My two-book anthology is officially published. What a long, frustrating trip this was. Even though I still have two novels that were only published as ebooks, I don't think I could bear to go through the paperback process again. (But if I get bored enough, who knows?)
The strange thing is that formatting Running From Herself as a paperback produced no angst. There were a couple of small frustrations, such as trying to fit forty chapters onto KDP's table of contents template, but I simply deleted the table of contents all together. If one is reading a novel on paperback, use a damn bookmark!
I believe my latest problems were the result of trying to publish such a fat book (or books)-- 554 and 560 pages. The width of each book's spine resulted in off-kilter text that either bled into the spine itself or trailed off the page, until I finally figured out how to format correctly. KDP isn't in the business of making authors' lives easier; I get that, but Amazon does take a percentage of a book's royalties, so the least it could do is improve its "help" topics.
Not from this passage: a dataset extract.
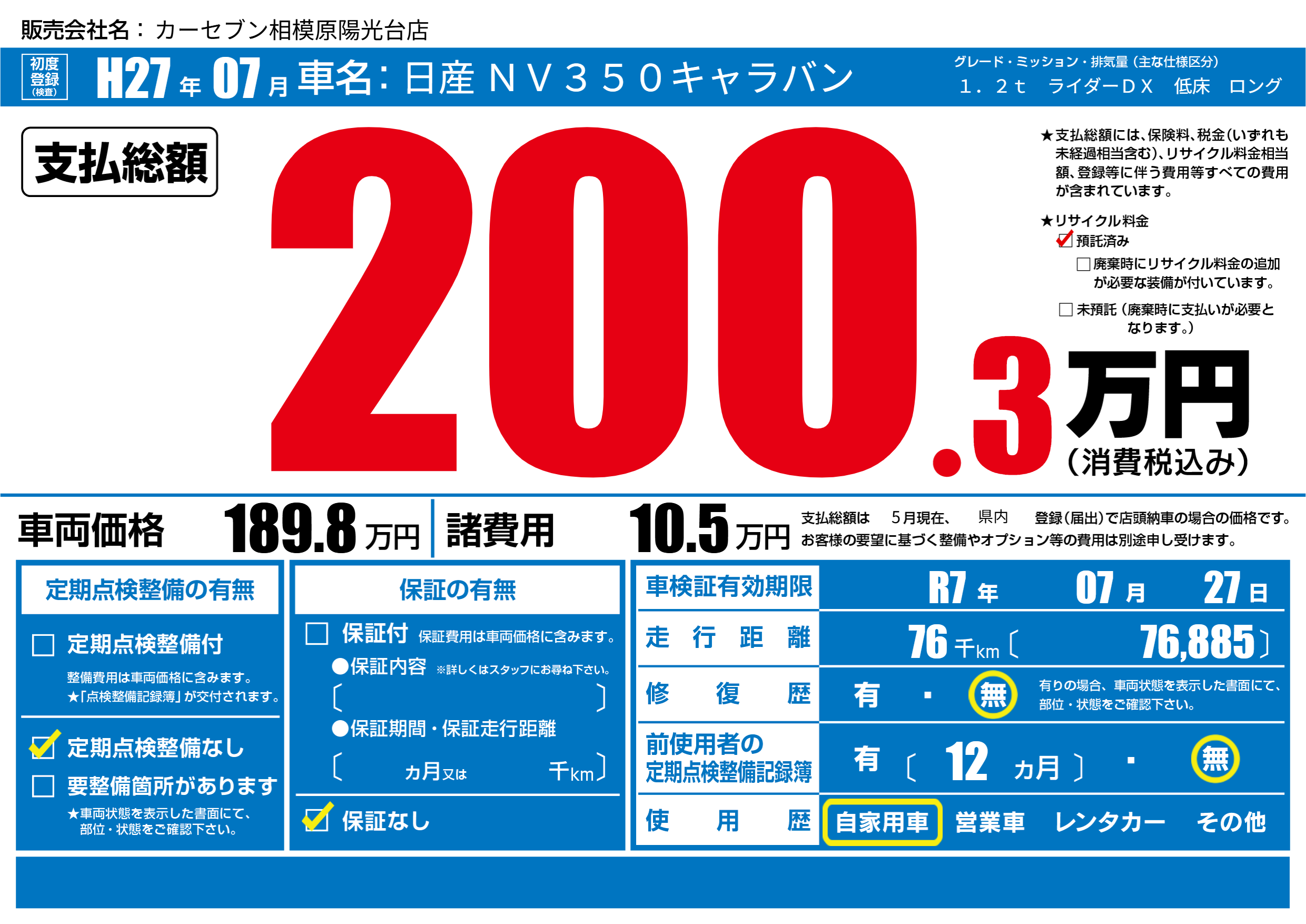 | 車検制限 | R7年 07月 27日 | ||

It's very true that I don't know how my paperbacks look in real life. And I won't know until I receive my proof copies. So, my triumphant dance could well be premature. I'm choosing for now to be positive about that.
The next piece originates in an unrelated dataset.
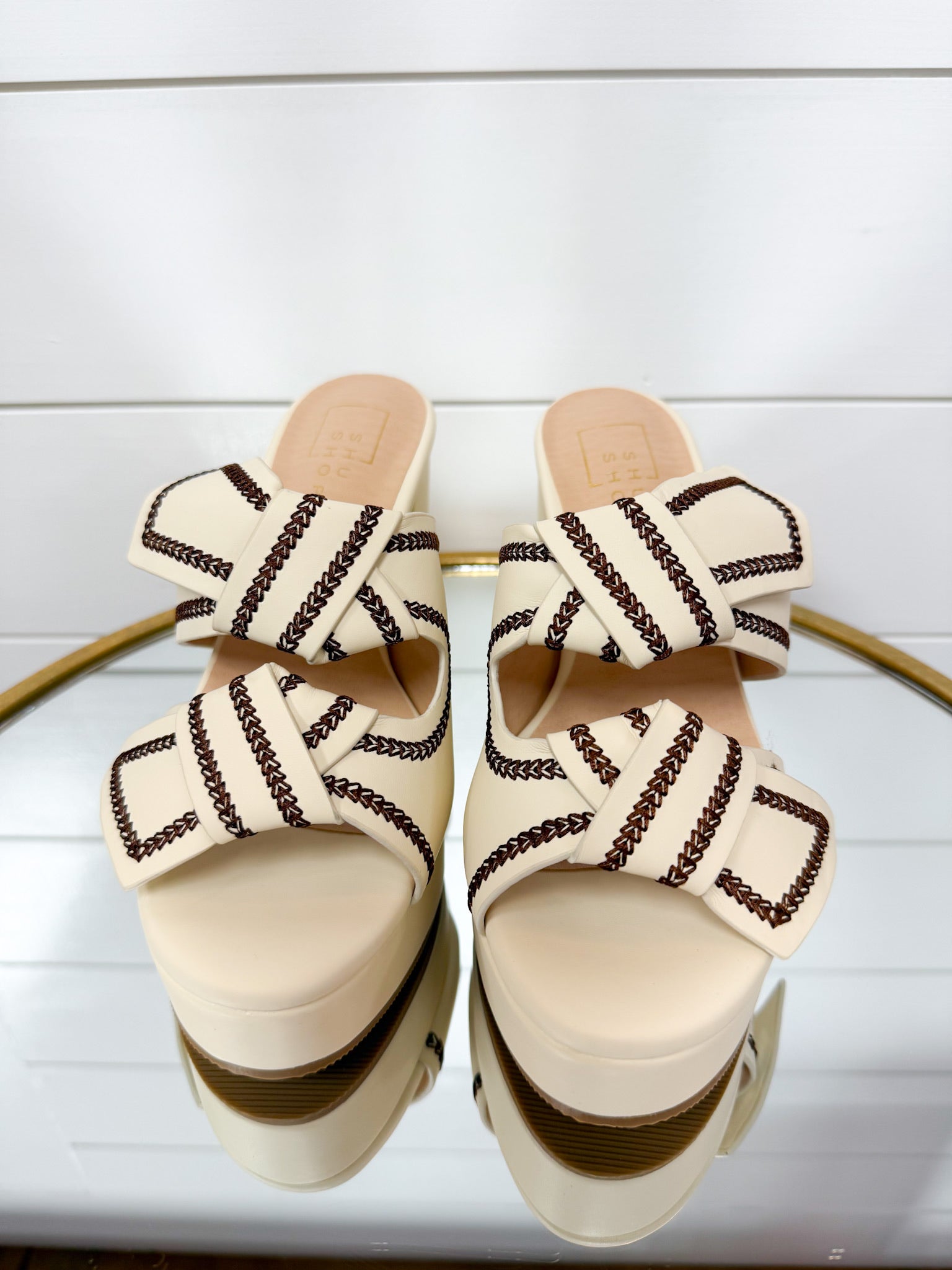 Sweet and striking. The HONEY in Bone brings bold retro energy to your step with oversized double bows, contrast trim, and a chunky block heel that turns heads. Crafted in smooth faux leather and set on a platform sole, this slip-on style is as comfortable as it is eye-catching. It’s the kind of heel that instantly upgrades everything from wide-leg pants to summer dresses. Playful yet polished-just the way we like it.

Here are the books (their links are embedded in the images, if you're interested):
I don't feel pumped or proud, or any emotion, really. Don't get me wrong--the stories inside them are good. But publishing them doesn't produce the endorphins that publishing a brand new novel does. I was SO excited when I published Running From Herself. It was a wonderful feeling, albeit a fleeting one.
**And believe it or not, I already sold a copy of Touching Home!**
Regarding the book covers, GetCovers did an adequate job. I much prefer the second book's cover, except for the white text denoting the name of the series. Face it, it's almost impossible to read. In the designer's defense, I don't know what other color would have looked right. And obviously, the styles of the two books match, which I assume is important with a series (series authors tell me). I spent $70.00 in total, which should have only been $30.00, except I ordered paperback covers, too, which I was unable to use. The requisition asked for the back cover blurbs, but I didn't have them written, so while the back covers were nice and fancy, they were unusable. KDP doesn't let an author add text to a PDF (hello?) Oh, well. I can't anticipate every freakin' problem that might arise. I maybe thought I'd receive the paperback covers as JPG's, but honestly, I really didn't think about it at all.
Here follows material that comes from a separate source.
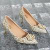 Mote Kvinner Krystallperlebesatte Sko Vår Høyhælte Chunky Femme Mote Luksus Kjolesko Elegante Lave Sko Zapatos Pumps

I mentioned in a previous post that I was struggling with the second book's blurb, but I got 'er done, and it doesn't suck. Then, once I chose expanded distribution for my paperbacks, I thought about Draft2Digital's library distribution option, and although I didn't intend to tackle a new project at the end of the day, I decided to put the books up on the site and make them available to libraries. (No library has chosen to stock Running From Herself, so my chances are slim. Nevertheless.)
Well, that created a whole new set of problems. I couldn't use the Kindle Create versions, and I was too tired to realize that Kindle Create also allows one to save as an epub (dammit), so I made epubs from scratch. I will say, though, that it wasn't difficult. If I wasn't so superstitious, I probably could have formatted my paperbacks without using KDP's formatting template. But I wouldn't try it.
The hardest part of formatting a Word doc to get it ready for epub conversion was learning how to do certain things, such as inserting blank pages, centering text on a page, creating a table of contents (which matters more for an ebook than it does for a paperback). Luckily, Google was johnny-on-the-spot with answers.
Overall, for two books it went fairly quickly. Then I used calibre to convert them to epubs. It was actually more tedious to fill in D2D's many questions (BISAC? I only recently learned what that even is). All went well, and now I can pretend that libraries would want to purchase my books.
Now my job is done. Theoretically.
More than excitement, it's simply a relief.